WHAT TO DO:
Reproduce the lines of the material exactly, excluding every image.

DATA EXCERPT:
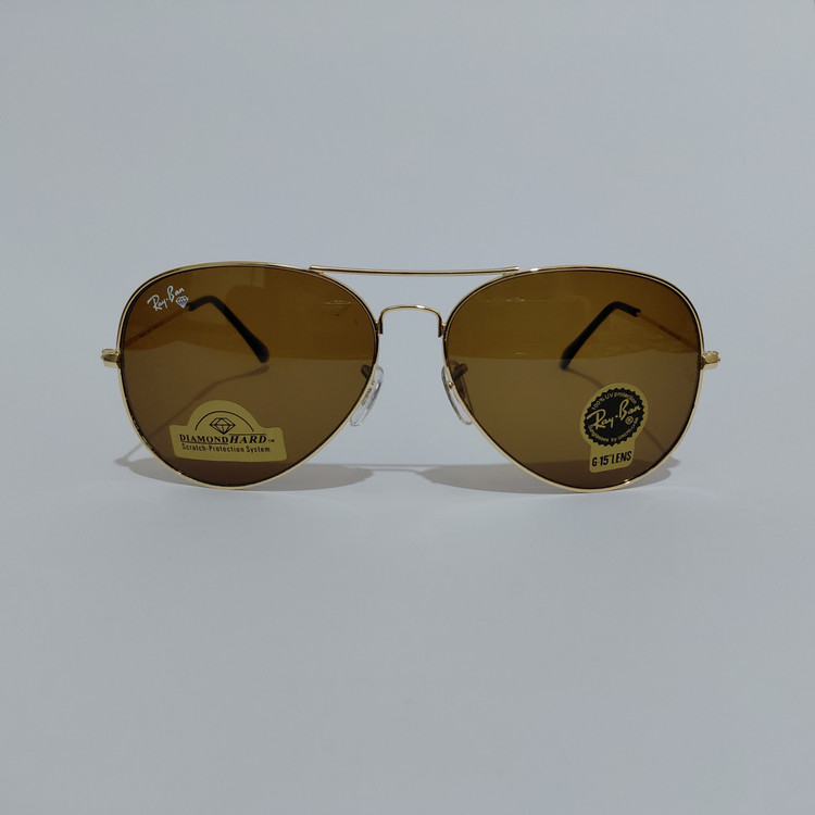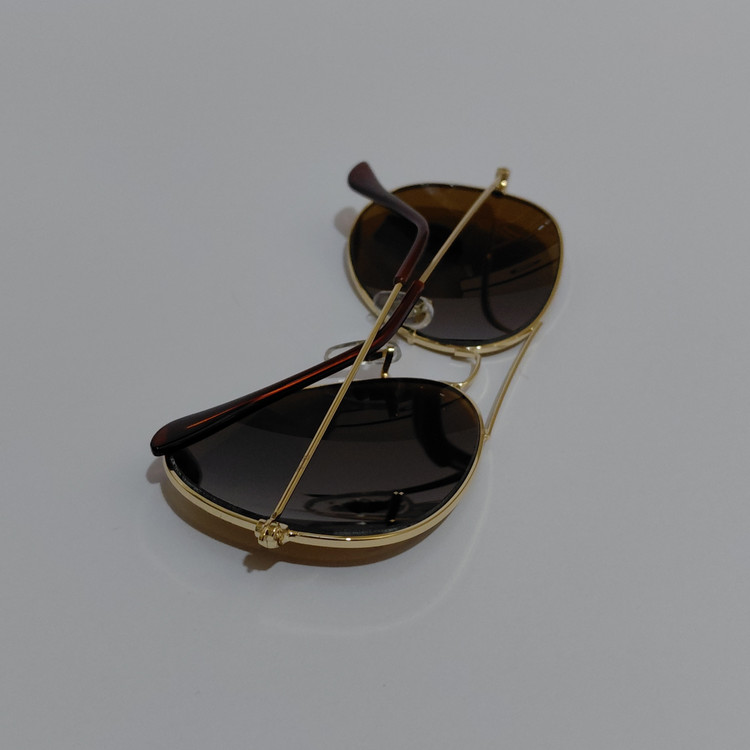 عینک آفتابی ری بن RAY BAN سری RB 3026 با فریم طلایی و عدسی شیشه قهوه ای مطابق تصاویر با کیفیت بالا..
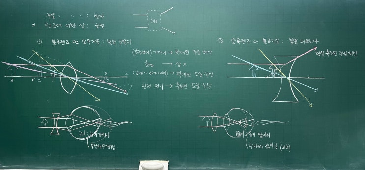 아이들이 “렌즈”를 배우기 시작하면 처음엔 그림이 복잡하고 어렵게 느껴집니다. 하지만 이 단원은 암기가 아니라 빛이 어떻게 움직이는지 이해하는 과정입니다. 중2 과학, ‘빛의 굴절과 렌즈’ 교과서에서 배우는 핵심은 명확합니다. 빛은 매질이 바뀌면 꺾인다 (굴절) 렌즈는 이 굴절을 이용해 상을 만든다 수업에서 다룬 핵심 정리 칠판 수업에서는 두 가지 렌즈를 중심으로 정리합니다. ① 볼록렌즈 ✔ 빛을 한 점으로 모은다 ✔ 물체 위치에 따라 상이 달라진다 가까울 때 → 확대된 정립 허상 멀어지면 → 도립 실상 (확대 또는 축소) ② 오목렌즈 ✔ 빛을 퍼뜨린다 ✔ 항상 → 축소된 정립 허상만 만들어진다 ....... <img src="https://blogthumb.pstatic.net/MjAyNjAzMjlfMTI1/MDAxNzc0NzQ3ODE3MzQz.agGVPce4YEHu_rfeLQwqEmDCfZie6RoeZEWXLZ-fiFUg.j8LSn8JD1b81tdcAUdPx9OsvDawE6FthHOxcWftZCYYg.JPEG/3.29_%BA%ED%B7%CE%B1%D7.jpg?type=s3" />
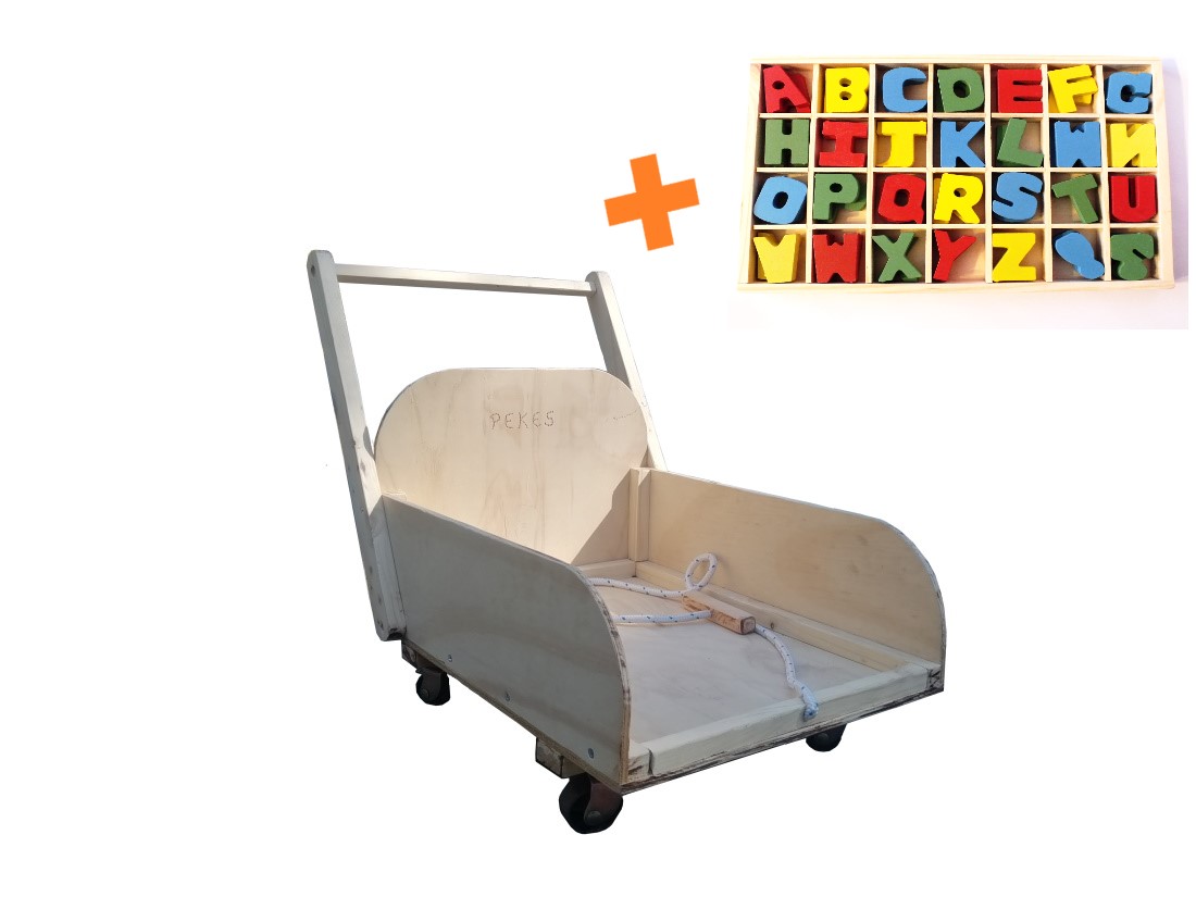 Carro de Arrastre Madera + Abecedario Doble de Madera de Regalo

TASK OUTPUT:
 عینک آفتابی ری بن RAY BAN سری RB 3026 با فریم طلایی و عدسی شیشه قهوه ای مطابق تصاویر با کیفیت بالا..
 아이들이 “렌즈”를 배우기 시작하면 처음엔 그림이 복잡하고 어렵게 느껴집니다. 하지만 이 단원은 암기가 아니라 빛이 어떻게 움직이는지 이해하는 과정입니다. 중2 과학, ‘빛의 굴절과 렌즈’ 교과서에서 배우는 핵심은 명확합니다. 빛은 매질이 바뀌면 꺾인다 (굴절) 렌즈는 이 굴절을 이용해 상을 만든다 수업에서 다룬 핵심 정리 칠판 수업에서는 두 가지 렌즈를 중심으로 정리합니다. ① 볼록렌즈 ✔ 빛을 한 점으로 모은다 ✔ 물체 위치에 따라 상이 달라진다 가까울 때 → 확대된 정립 허상 멀어지면 → 도립 실상 (확대 또는 축소) ② 오목렌즈 ✔ 빛을 퍼뜨린다 ✔ 항상 → 축소된 정립 허상만 만들어진다 ....... <img src="https://blogthumb.pstatic.net/MjAyNjAzMjlfMTI1/MDAxNzc0NzQ3ODE3MzQz.agGVPce4YEHu_rfeLQwqEmDCfZie6RoeZEWXLZ-fiFUg.j8LSn8JD1b81tdcAUdPx9OsvDawE6FthHOxcWftZCYYg.JPEG/3.29_%BA%ED%B7%CE%B1%D7.jpg?type=s3" />
 Carro de Arrastre Madera + Abecedario Doble de Madera de Regalo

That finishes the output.